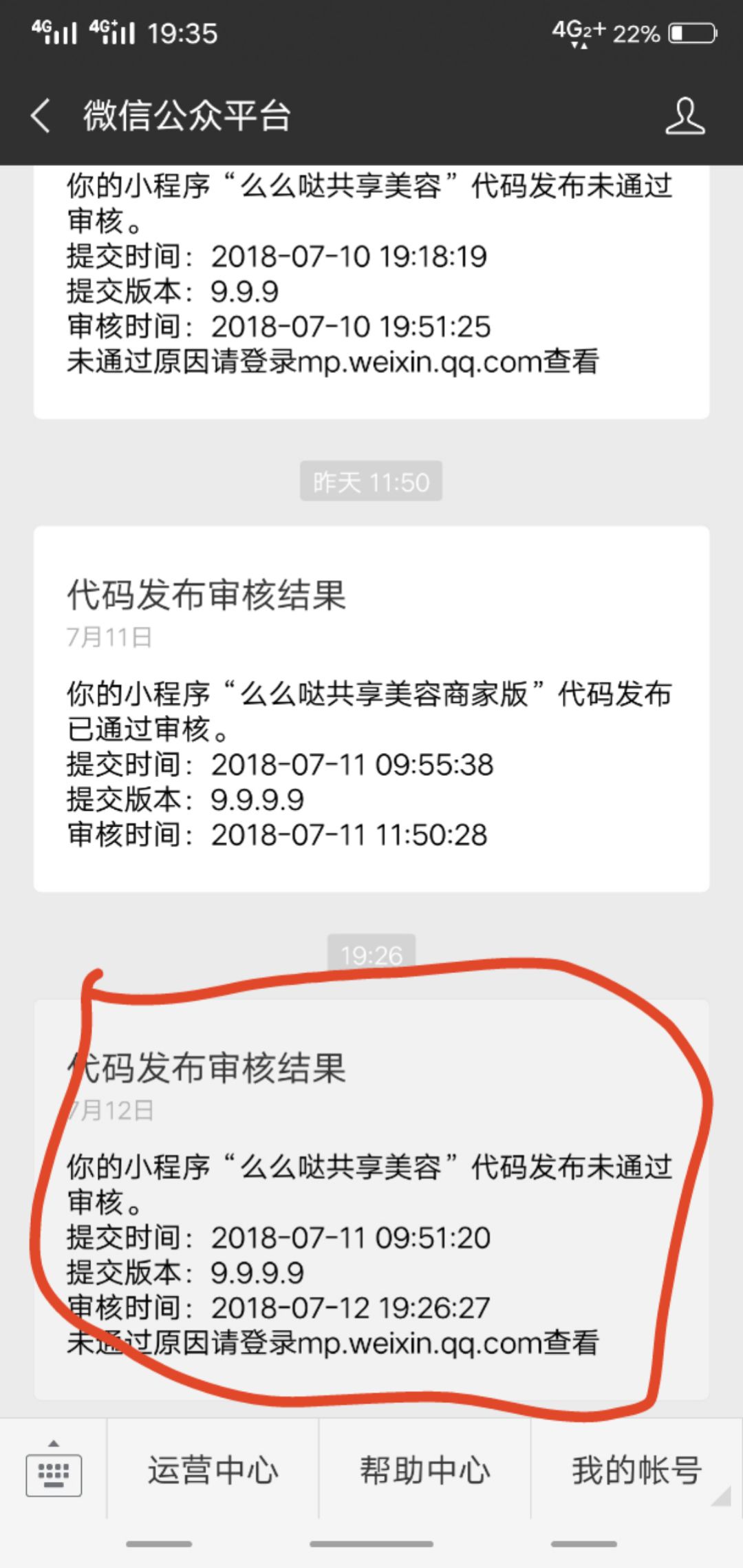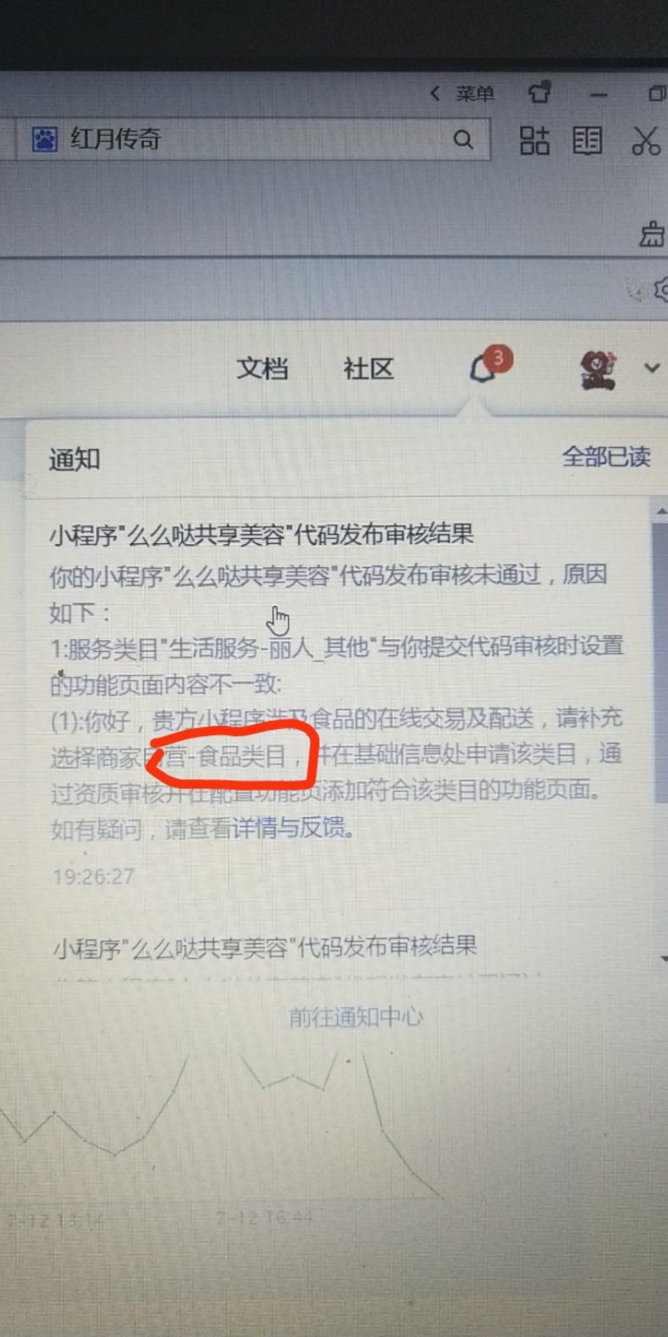 去的小程序代码申请,客服错误给拒了,说我小程序有食品类目让我添加,我的小程序根本没有食品类目.麻烦审核员赶快通过,特别着急!
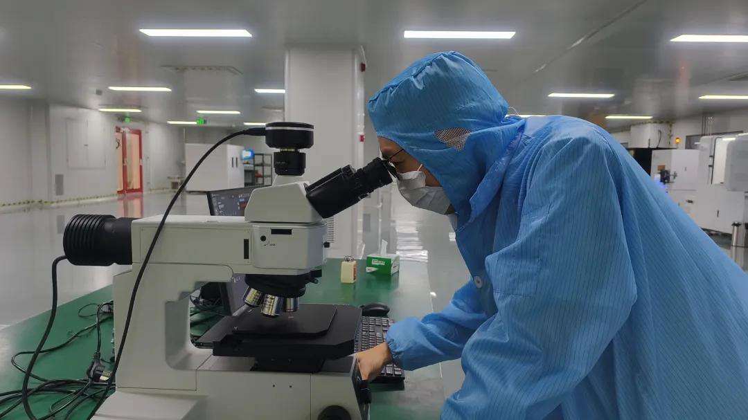 工作人员对刚生产的芯片进行质检
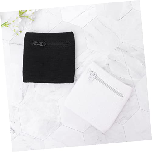 2Pcs Portable Wristband Bag with Zipper Pouch for Keys and Coins Lightweight Change Holder for Running and Outdoor Sports White Black 1
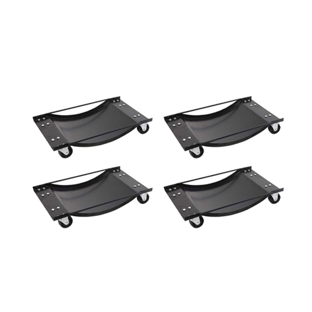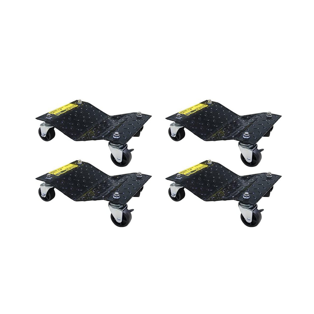 The steel plate and 3-inch ball bearing locking casters of these sturdy wheel dollies set of 4 offer a 6,000 lbs (1,500 lbs per skate) coverage for moving vehicles, lifting cars or trucks, or to position large loads for conserving space The ball bearing casters on each 4-wheel dolly allows you to rotate large items with wide-ranging 360-degree swivel for easy movement in any direction, making them ideal for auto repairs, car sales showrooms, or organizing the garage The snowmobile dolly set features a recessed center construction that is perfect for balancing and holding auto tires, ATVs, and other heavy equipment securely in place without fear of rolling The heavy-duty solid steel construction of these dollies with wheels ensures a durable and rust-resistant design, complete with a powder-coated platform for a classic finish Dimensions: (L) 16” x (W) 12”; Wheel Diameter: 3”. Weight Capacity: 6,000 lbs (1,500 lbs each). Set Contains 4 Car Dollies. Color: Black
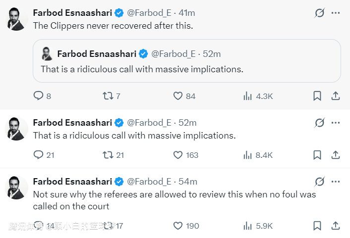裁判在没有哨子的情况下主动看回放给哨引发了快船记者Farbod Esnaashari的不满,他表示:我完全不明白裁判在没有响哨的情况下看回放是什么意思,这明显是一个违规的行为,那是一个荒谬的决定,而且影响是极其深远的。
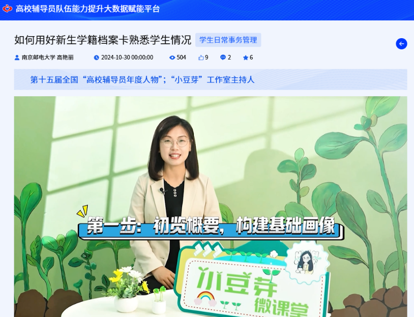 “小豆芽”辅导员素养提升工作室坚持以习近平新时代中国特色社会主义思想为指导,坚守立德树人根本任务,秉持“育德育心,育己育人”的核心理念,聚焦“正能量、管得住、用得好”,着力构筑共建共享、同向同行的高校网络育人格局,打造全国辅导员学习成长共同体、育人育才共同体。2022年入选首批江苏省高校网络思政名师工作室,2024年入选首批江苏省高校辅导员名师工作室,2025年入选入选教育部高校辅导员名师工作室。
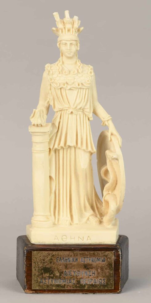 The crew of HMNZS Canterbury (F421) acquired this statue of the Greek goddess Athena while on deployment to Crete in 1991. This deployment was part of commemorations for the 50th anniversary of the Battle of Crete. Locals welcomed the return of the New Zealand veterans, and together they participated in a range of events.
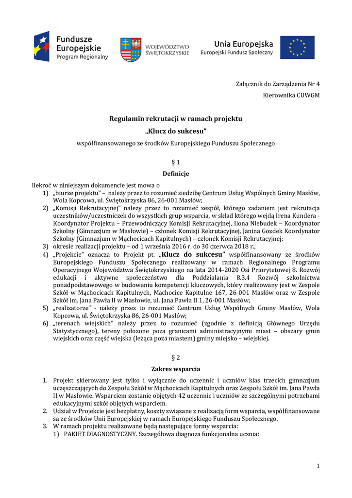 Załącznik do Zarządzenia Nr 4 Kierownika CUWGM Regulamin rekrutacji w ramach projektu „Klucz do sukcesu” współfinansowanego ze środków Europejskiego Funduszu Społecznego §1 Definicje Ilekroć w niniejszym dokumencie jest mowa o 1) „biurze projektu” – należy przez to rozumieć siedzibę Centrum Usług Wspólnych Gminy Masłów, Wola Kopcowa, ul. Świętokrzyska 86, 26-001 Masłów; 2) „Komisji Rekrutacyjnej” należy przez to rozumieć zespół, którego zadaniem jest rekrutacja uczestników/uczestniczek do wszystkich grup wsparcia, w skład którego wejdą Irena Kundera Koordynator Projektu – Przewodniczący Komisji Rekrutacyjnej, Ilona Niebudek – Koordynator Szkolny (Gimnazjum w Masłowie) – członek Komisji Rekrutacyjnej, Janina Gozdek Koordynator Szkolny (Gimnazjum w Mąchocicach Kapitulnych) – członek Komisji Rekrutacyjnej; 3) okresie realizacji projektu – od 1 września 2016 r. do 30 czerwca 2018 r.; 4) „Projekcie” oznacza to Projekt pt. „Klucz do sukcesu” współfinansowany ze środków Europejskiego Funduszu Społecznego realizowany w ramach Regionalnego Programu Operacyjnego Województwa Świętokrzyskiego na lata 2014-2020 Osi Priorytetowej 8. Rozwój edukacji i aktywne społeczeństwo dla Poddziałania 8.3.4 Rozwój szkolnictwa ponadpodstawowego w budowaniu kompetencji kluczowych, który realizowany jest w Zespole Szkół w Mąchocicach Kapitulnych, Mąchocice Kapitulne 167, 26-001 Masłów oraz w Zespole Szkół im. Jana Pawła II w Masłowie, ul. Jana Pawła II 1, 26-001 Masłów; 5) „realizatorze” - należy przez to rozumieć Centrum Usług Wspólnych Gminy Masłów, Wola Kopcowa, ul. Świętokrzyska 86, 26-001 Masłów; 6) „terenach wiejskich” należy przez to rozumieć (zgodnie z definicją Głównego Urzędu Statystycznego), tereny położone poza granicami administracyjnymi miast – obszary gmin wiejskich oraz część wiejska (leżąca poza miastem) gminy miejsko – wiejskiej. §2 Zakres wsparcia 1. Projekt skierowany jest tylko i wyłącznie do uczennic i uczniów klas trzecich gimnazjum uczęszczających do Zespołu Szkół w Mąchocicach Kapitulnych oraz Zespołu Szkół im. Jana Pawła II w Masłowie. Wsparciem zostanie objętych 42 uczennic i uczniów ze szczególnymi potrzebami edukacyjnymi szkół objętych wsparciem. 2. Udział w Projekcie jest bezpłatny, koszty związane z realizacją form wsparcia, współfinansowane są ze środków Unii Europejskiej w ramach Europejskiego Funduszu Społecznego. 3. W ramach projektu realizowane będą następujące formy wsparcia: 1) PAKIET DIAGNOSTYCZNY. Szczegółowa diagnoza funkcjonalna ucznia: 1 2) 3) 4) 5) a. Diagnoza, w tym preorientacja zawodowa, zostanie dokonana przez doradcę edukacyjno-zawodowego we współpracy z pedagogiem, nauczycielami i rodzicami (śr. 2,5 godz./uczeń); PAKIET WIEDZA. ŚCIEŻKA KOMPENSACYJNA – ścieżka zajęć wyrównawczych w oparciu o stwierdzone deficyty i potrzeby, dla uczniów osiągających słabe wyniki w nauce. Zajęcia te zorientowane są na poprawę osiąganych wyników nauczania poprzez zindywidualizowane metody podejścia do ucznia i nadrabianie zaległości: a. Zespół Szkół w Mąchocicach Kapitulnych Matematyka/przyroda - 2 grupy zajęć, łącznie 15 godzin zajęć dydaktycznych dla każdej grupy w semestrze; język angielski - 1 grupa zajęć, łącznie 15 godzin zajęć dydaktycznych dla grupy w semestrze. b. Zespół Szkół im. Jana Pawła II w Masłowie matematyka -1 grupa zajęć, łącznie 15 godzin zajęć dydaktycznych dla grupy w semestrze; język angielski - 1 grupa zajęć, łącznie 15 godzin zajęć dydaktycznych dla grupy w semestrze. PAKIET WIEDZA. ŚCIEŻKA ROZWOJOWA – dla ucznia zdolnego realizowane są zajęcia kształtujące kluczowe kompetencje na rynku pracy w dwóch tematycznych blokach: a. Zespół Szkół w Mąchocicach Kapitulnych blok matematyczno-przyrodniczy - 1 grupa zajęć, łącznie 15 godzin zajęć dydaktycznych dla grupy w semestrze; blok językowy (język angielski) - 1 grupa zajęć, łącznie 15 godzin zajęć dydaktycznych dla grupy w semestrze. b. Zespół Szkół im. Jana Pawła II w Masłowie blok matematyczno-przyrodniczy - 1 grupa zajęć, łącznie 15 godzin zajęć dydaktycznych dla grupy w semestrze; blok językowy (język angielski) - 1 grupa zajęć, łącznie 15 godzin zajęć dydaktycznych dla grupy w semestrze. PAKIET INSPIRACJE - zestaw instrumentów wspierających rozwój młodzieży, zarówno napotykających na problemy w edukacji i życiu codziennym, z niskim wynikami nauczania, jak również dla osób zdolnych ze względu na potrzebę ukierunkowania ich aktywności (ścieżka kompensacyjna i ścieżka rozwojowa): a. Indywidualne wsparcie według zdiagnozowanych potrzeb (śr. 14 godz./uczeń) wsparcie udzielane m.in. przez pedagoga, psychologa, logopedę, doradcę zawodowego przydzielone na podstawie diagnozy o której mowa w pkt 3 ppkt. 1 niniejszego paragrafu. PAKIET ROZWÓJ - Celem treningów ujętych w pakiecie jest zdobycie kluczowych kompetencji społ. i edukacyjnych niezbędnych do prawidłowego funkcjonowania w środowisku lokalnym, systemie edukacji i w przyszłości na rynku pracy, nabycie lub wzmocnienie umiejętności interpersonalnych, zainicjowanie zmiany w biernej postawie na rzecz postawy otwartości i współpracy, podniesienie samoświadomości oraz wyznaczenie sobie do osiągnięcia celów edukacyjnych i życiowych. Treningi będą realizowane w 4 grupach (1 grupa z Zespołu Szkół w Mąchocicach Kapitulnych oraz 1 grupa z Zespół Szkół im. Jana Pawła II w Masłowie w każdym roku szkolnym realizacji projektu): a. Trening dorosłości (20godzin) – dla uczniów w ścieżce kompensacyjnej i ścieżce rozwojowej. Bloki tematyczne treningu obejmują: Trening Kompetencji Społecznych (10godzin/ grupa); Trening Kompetencji Życiowych(10godzin/grupa). 2 b. Trening efektywnego uczenia się (20godzin): trening szybkiego czytania; trening techni

================

§ WHAT THE EXERCISE ASKS: Could you set down verbatim the lines from the beginning of the entries above through the line containing "2Pcs Portable Wristband", both included, leaving out the pictures?

§ EXERCISE ANSWER:
 去的小程序代码申请,客服错误给拒了,说我小程序有食品类目让我添加,我的小程序根本没有食品类目.麻烦审核员赶快通过,特别着急!
 工作人员对刚生产的芯片进行质检
 2Pcs Portable Wristband Bag with Zipper Pouch for Keys and Coins Lightweight Change Holder for Running and Outdoor Sports White Black 1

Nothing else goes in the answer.